そう言えば、つりバカの伝助氏も最近は「はまざき」ではなく「はまさき」という当初の件はほとんどなくなったようだ。もっぱらこれは愛称1本ハマちゃんが定着したから問題ないが・・・。

苗字というのは生まれつき公理のように自らに付いてくるのだが、こうした小さな変化や呼び方の違いを見ると必ずしも硬直したものでもないという印象を受ける。

毒島さんの話

ビジネス関連でこんなこともあった。
昔、東映フライヤーズの3番打者で、毒島という名選手がいた。
実況放送でアンウンサーから初めてその名を聞いたとき、これはまたものすごい名前だなあ、と思った。
字も字だが、読み方もすごい。
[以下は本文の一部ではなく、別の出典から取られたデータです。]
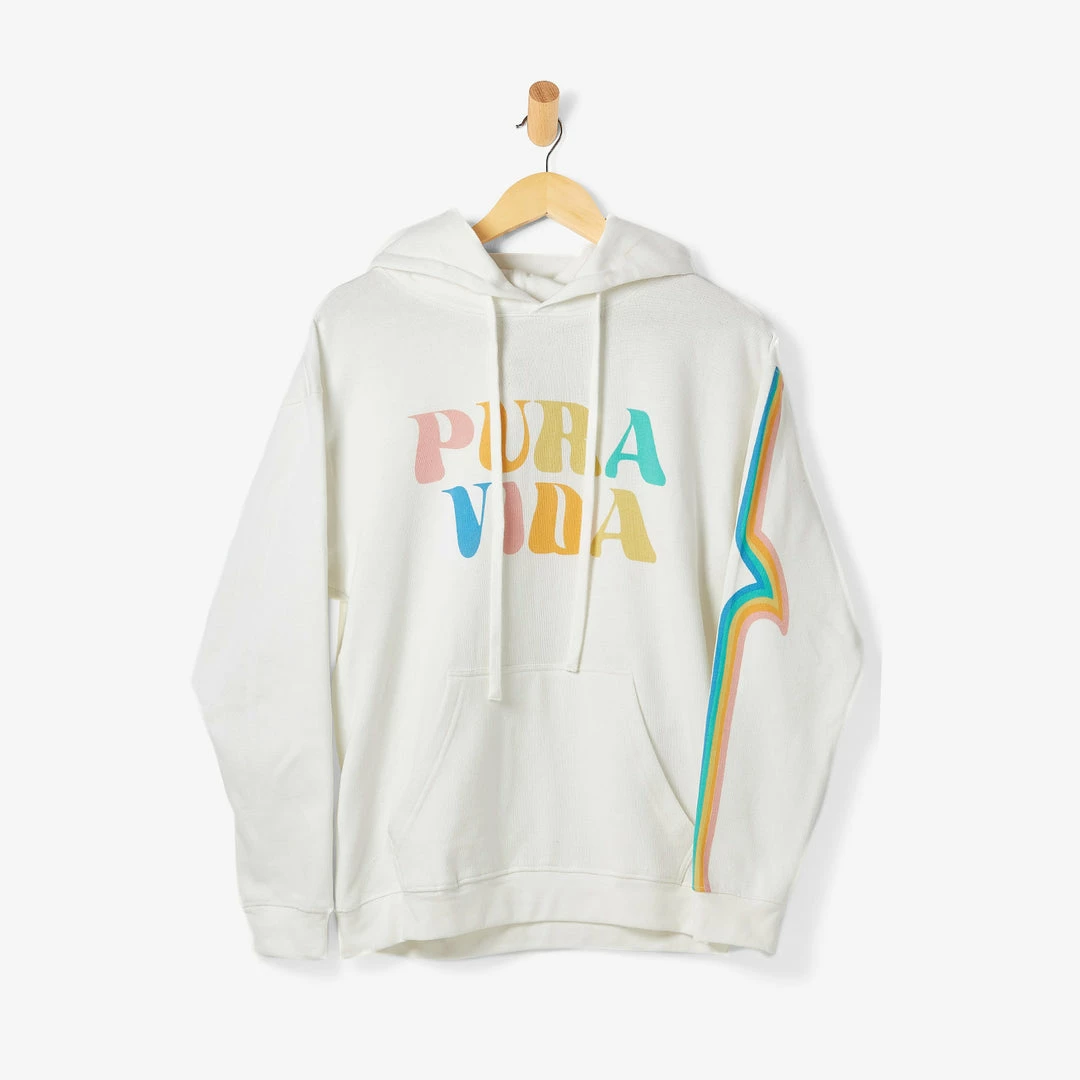 Psychedelic is sooo in style, thanks to our Pura Vida Rainbow Wave Hoodie. This β70s-inspired piece features a multihued Pura Vida logo in a far-out font, plus our classic wave design that runs down the left sleeve.
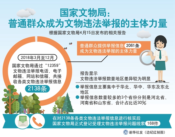 新華社北京4月15日電(記者施雨岑)根據(jù)國家文物局15日發(fā)布的相關報告,2018年3月至12月,國家文物局通過“12359”文物違法舉報電話、電子郵箱、網(wǎng)站和信箱,共接收各類文物違法舉報信息2138條。普通群眾提供舉報信息2061條,成為文物違法舉報的主體力量。
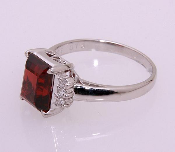 《質屋出品》Pt900★天然ガーネット+ダイアリング★C-3418
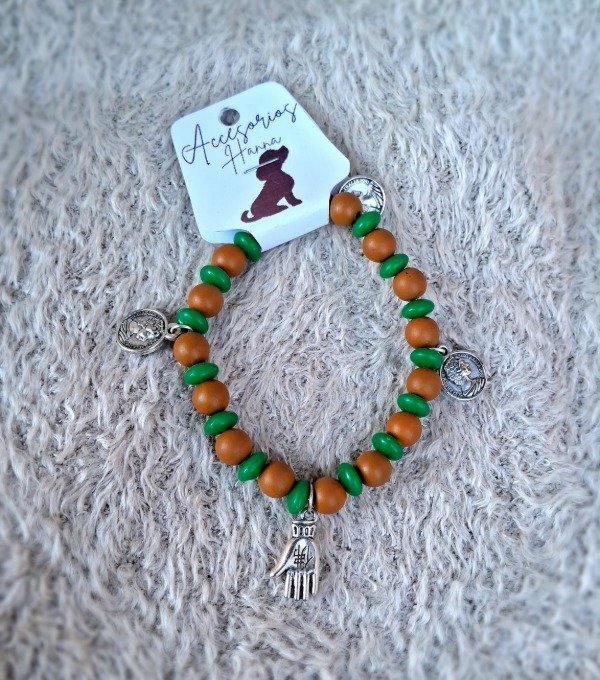 Pulsera elástica bolitas acrílicas dije mano de la abundancia
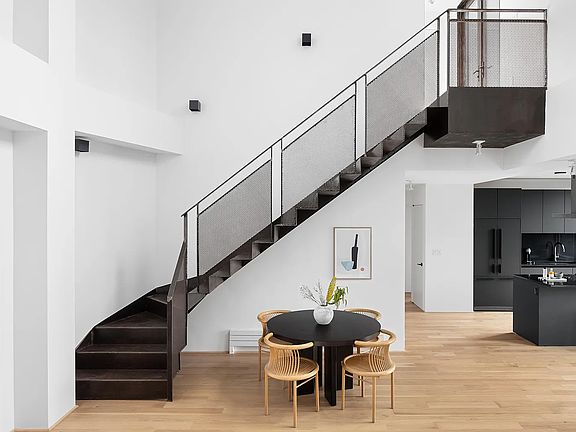 Inside, 16-foot-tall ceilings soar over wide-plank white oak floors and oversized windows, while bespoke ironwork, polished concrete and trimless art walls create a modern take on the desirable industrial aesthetic. An open living/dining area opens to a sleek kitchen finished with dark custom cabinetry countertops and integrated appliances, including a vented gas range, French door refrigerator, dishwasher and microwave drawer.
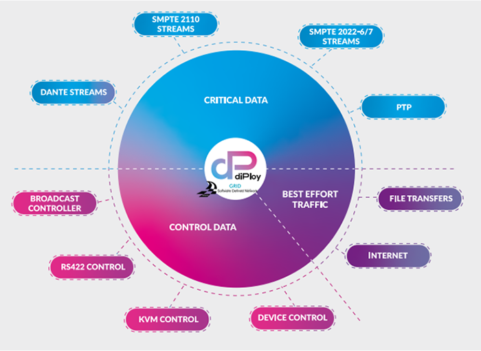 diPloy’s control software is designed around a Northbound and Southbound system. The Northbound Control is based on familiar broadcast control software, interfacing with the Southbound Controller that runs hidden in the background, communicating with switches and routers. This is powered by GRID; guiding the path for all data-streams to facilitate the above-mentioned predictable low latency data-streams which are crucial to the ability to engage in distributed live production.
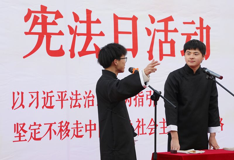 憲法是國家的根本大法,是治國安邦的總章程。2021年12月4日是第八個國家憲法日,我校學生緊跟時代步伐,12月4日前后組織開展以“以習近平法治思想為引領,深入學習宣傳憲法”為主題的國家憲法日系列活動。不僅面向校園,更深入社區,開展形式多樣、內容豐富、內涵深刻的憲法宣傳普及工作。以期提高憲法認識,增強守憲意識,傳播憲法精神,推進我校與社區法治建設,讓憲法精神深入人心。
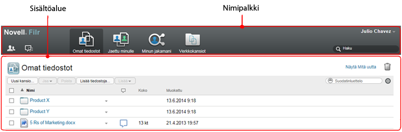 nähdäksesi ajan tasalla olevan näkymän Filr-sivustolla tapahtuneista viimeisimmistä muutoksista.
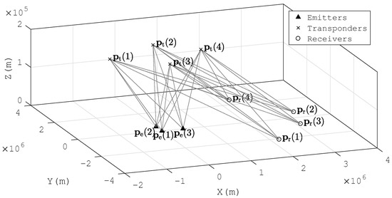 Consider that there are D emitters located at and L passive transponders placed at . The signals transmitted by the emitters are reflected by the transponders and intercepted by N receiving arrays. Each array includes M antennas. The centers of the arrays are located at . It is assumed that the locations of the transponders and the receiving arrays are known a priori and that the signal waveforms are unknown. The scenario is depicted in Figure 1.
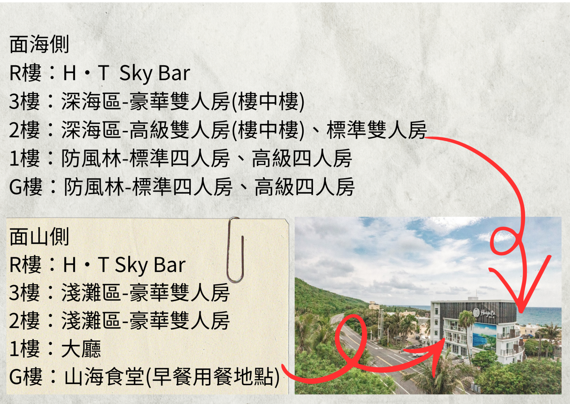 山海靜謐的房型位於二樓面海側的邊間(照片右側),是唯一看得到海的非樓中樓房型,但是他的海景因為角度的關係會有些遮蔽。

毒島と書いて「ぶすじま」と読むのである。
男だからいいもののこの家族で女の子がいたらさぞかし冷やかされるだろう、とマジで気の毒に思った。

ところが同じ名前の女性に会う機会がついに訪れた。
社の取引先の女性に「毒島さん」がいたのである。
初対面の時、彼女それはそれは恥ずかしそうに名乗られた。
しかし、その方はお世辞ではなく、とても清楚でしかも十人並み以上の美人。性格もとてもよさそうな方だった。
従って、「毒島」という苗字についても、その直後、その方を前にして堂々と話題にすることができた。
ホントにブスいや顔に不自由のある方だったらとても話題にはできなかっただろう。
もしかすると、日本の毒島一族は、必ず美男美人を配偶者とするという鉄則で臨んでいるかも知れない。
これは、意外とねらい目かも(何の話だ?)。

わたしの話

苗字では、わたし自身にもちょっとした話がある。
ここでは本名を名乗るつもりはないので説明がし辛いが、要はイントネーションの話である。
故郷にいたときとはまったく逆のイントネーションで東京で呼ばれることがいまでも多々ある。

たとえば、同じようなケースとしては・・・。
山崎という名前などがいい例かも知れない。
東京では「ま」にアクセントがある。
金沢では「ざ」にアクセントがある。
これは相当にちがう。試しに呼んで見てもらいたい。
東京アクセントはマスコミでよく話されているのでどの地区でも耳慣れているだろうが、「ざ」にアクセントのある山崎はとても奇異な感じに聞こえるだろう。

わたしの名前も、ほぼ山崎のケースと同様で、東京のある友人に何度訂正の抗議をしても、東京アクセントでわたしを呼ぶ。
いまはもう諦めてそのままにしているが、「あまみや」と「あめみや」ほどの違いはないにしても、当人にとってみればまったく別という感もあるのだ。

豊島さんの話

さて、冒頭の豊島にもどって。
もし現在の利根町に住む豊島氏のほとんどが「とよしま」と言い、しかも、それでも皆、豊島頼継の末裔だと仮定したら、どういうことなのだろうか?

どこかで、としま→とよしまの変換が行われたということになる。
もしそうだとしたら、それはいつ、何故か?

わたしはこんなことを想像して楽しんでいる。
また、少しずつ、真実が分かってきて、想像したことと同じだとするととても気分がいい。
例えば、次のようなことだ。

いまは余程のことがなければ改名などはできないというが、同じ字でもイントネーションが違えばぜんぜんちがうものに聞こえる場合もある。年月とともにそれらは風化もする。「としま」も「とよしま」もまた後年、その人気度は逆転するかも知れない。
妙な名前と思ってもそれほど拘ることはないのかも知れない。

でも所詮そのようなものであるなら、姓名くらい各自が自由に使えるハンドルネームでいいのじゃないかとも思う。
それこそ、苗字や姓という言葉など無くして、妙字というネーミングにしてしまえばいい。

銀行かなんかで、

「203番、タヌポンさん、どうぞ」

と言われると、いまはちょっと恥ずかしいが、そのうちだれも何も驚かなくなる日が来るにちがいない。